What is needed:
Reproduce the section of the listing that begins at the line containing "Walid gets a" and finishes at the line containing "Sediment plume from". Include both end lines and nothing beyond them.

Source material:

########################################

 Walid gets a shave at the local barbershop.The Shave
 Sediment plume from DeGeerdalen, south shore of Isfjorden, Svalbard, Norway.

########################################

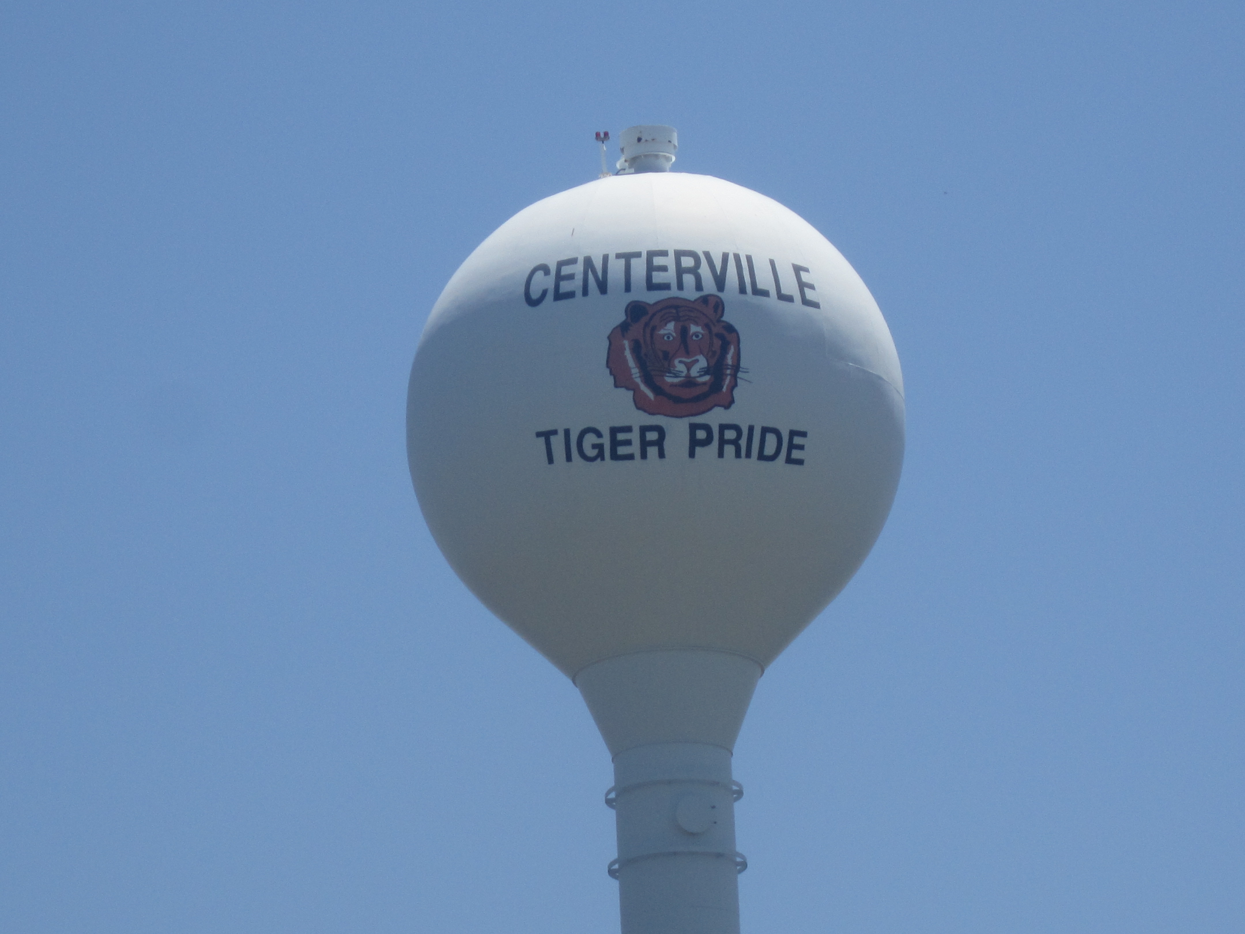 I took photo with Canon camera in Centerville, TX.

########################################

Answer box:
 Walid gets a shave at the local barbershop.The Shave
 Sediment plume from DeGeerdalen, south shore of Isfjorden, Svalbard, Norway.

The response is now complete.